최신 라즈베리파이(Raspberry Pi)로 시작하는 사물인터넷(IOT)의 모든 것 – 초보에서 고급까지 (상)
최신 라즈베리파이(Raspberry Pi)로 시작하는 사물인터넷(IOT)의 모든 것 – 초보에서 고급까지 (하)


Original Book Contents


10.9.4  "uniq" Command

 

This command performs the function of removing adjacent redundant data when reading data from the input or exporting the data to the output.

 

[Command Format]

uniq  [option]   [input]  [output]

 

[Command Overview]             

   This removes adjacent redundant row data from input or output.

   User privilege          -- Normal user.

 

[Detail Description]

   Because duplication is checked only for adjacent data, if the data is not sorted, this command will not remove redundant data.
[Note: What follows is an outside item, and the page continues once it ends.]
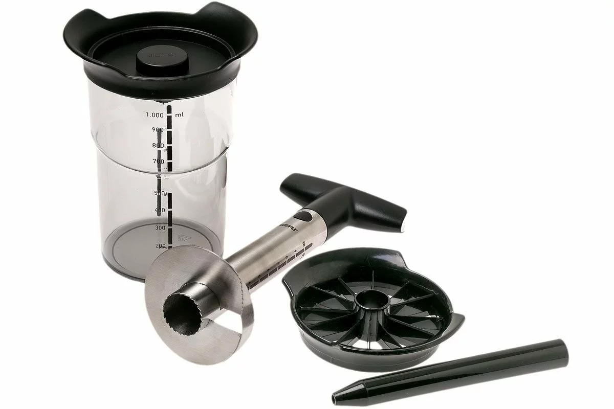 Extracting the succulent and sweet pineapple fruit from its skin is made simple with the Gefu pineapple slicer and corer. Simply turn the stainless steel corer blade to separate and slice the pineapple fruit from its rind. An etched scale on the pineapple slicer displays how many slices were extracted while a small chunk cutter attaches to the transparent container to collect the sweet treat. An included lid keeps fruit fresh for days and all components are dishwasher safe. Save money purchasing whole pineapple at the market and have confidence that the Gefu pineapple slicer and corer will leave you with the freshest of pineapple without the rind.

   After duplicate data is removed, the first data remains. Therefore, it is normal to sort the data with "sort" command and then execute this command.

 

[Main Option]

-c, --count

prefix lines by the number of occurrences

-d, --repeated

only print duplicate lines

-f, --skip-fields=N

avoid comparing the first N fields

-i, --ignore-case

ignore differences in case when comparing

-s, --skip-chars=N

avoid comparing the first N characters

-u, --unique

only print unique lines

 

[Used Example]

There is a file "customer_list_dup.txt" in the "testdata" directory of the "pi" account, and the contents are as follows.

 

pi@raspberrypi ~/testdata $ cat customer_list_dup.txt

Microsoft

Google

IBM

Samsung

Samsung

Facebook

LG

Microsoft

Samsung

Sony

Hewlett-Packard

 

In the above data, "Microsoft" and "Samsung" have several data. Now run the "uniq" command on this file.

 

pi@raspberrypi ~/testdata $ uniq customer_list_dup.txt

Microsoft

Google

IBM

Samsung

Facebook

LG

Microsoft

Samsung

Sony

Hewlett-Packard

 

In the above result, the duplication of "Samsung" data is removed, and the "Microsoft" data is displayed as it is. This is because the "uniq" command only works on adjacent data.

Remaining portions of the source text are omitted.